Having given up for the time any question as to the possible subdivisions of the cube, and looking on each cube as a unit position, we have 27 positions. These positions can be taken in different selections, and each selection is a shape. To know the block or set of positions means to form a clear idea of every shape, consisting of selections of positions, which can be formed out of the 27.
But each of the cubes, 27 of which form the whole block, can be divided up. Each of these cubes contains a great many positions. There must, for instance, be positions in each cube for every one of its molecules.
Thus it is evident that the cube supplies an inexhaustible number of positions to be learnt. I call the cube unknown in the sense that there are a great number of positions in it which are not clearly realized by the mind.

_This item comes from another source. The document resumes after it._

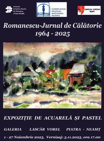 Galeriile de Artă „Lascăr Vorel” din Piatra Neamț invită publicul vizitator în perioada 1 – 27 noiembrie, la expoziția de pictură a artistului Mircea Titus Romanescu, intitulată „Jurnal de călătorie 1964 – 2025”, în cadrul căreia sunt expuse lucrări în acuarelă și pastel.
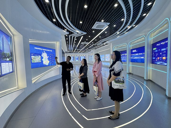 活动伊始,在孙伟主任的引导下,学院一行参观了产业园服务中心一楼展厅。孙伟详细介绍了服务中心的创建背景、发展规模、核心功能及其为区域内跨境电商企业提供的全方位服务,使学院代表对产业生态有了直观深入的了解。

By a very simple device it is possible to penetrate a little into the unknown part. The whole set of cubes forms a cube. Let us consider the small cube to be a model of the whole cube. Let us consider it as consisting of 27 parts, each related to the other as the 27 first cubes were related amongst themselves. Thus the unknown part, the material cube, which is used to build up the whole, becomes reduced in size. Diagram II. represents such a cube.
This is the theory. The practical work consisted in learning the names denoting these smaller cubes in connection with their positions, so that, the names being said, the small cubes meant were present to the mind, and a set of names being said, the shape, consisting of a set of cubes in definite relations to each other, came vividly before one. A complete knowledge of the block of cubes would be a complete appreciation of all the possible shapes which selections of the cubes would form, and this I strove to attain. Here at length I found real knowledge, and after a time I was able to reduce the size of the unknown still further, and to obtain a solid mass of knowledge fairly well worked all through.
And now it all seemed satisfactory enough. There was real knowledge in knowledge of the arrangement; and the material cube, which must be assumed, could be made smaller and smaller, it could be turned into knowledge, thus affording a prospect of obtaining endless knowledge. Thus I found the real home of my mind, the only knowledge I had ever had, and I hoped always to continue to add to it, and always to reduce the unknown in size.
Presently, too, the forms of the outward world began to fall in with this knowledge; and as the mass of known cubes became larger in number, a group of them would fairly well represent a wall, a door, a house, a simple natural object such as a stone or a fruit.
Yet amidst all this delight I became conscious, dimly enough, of a self-element in the knowledge of blocks.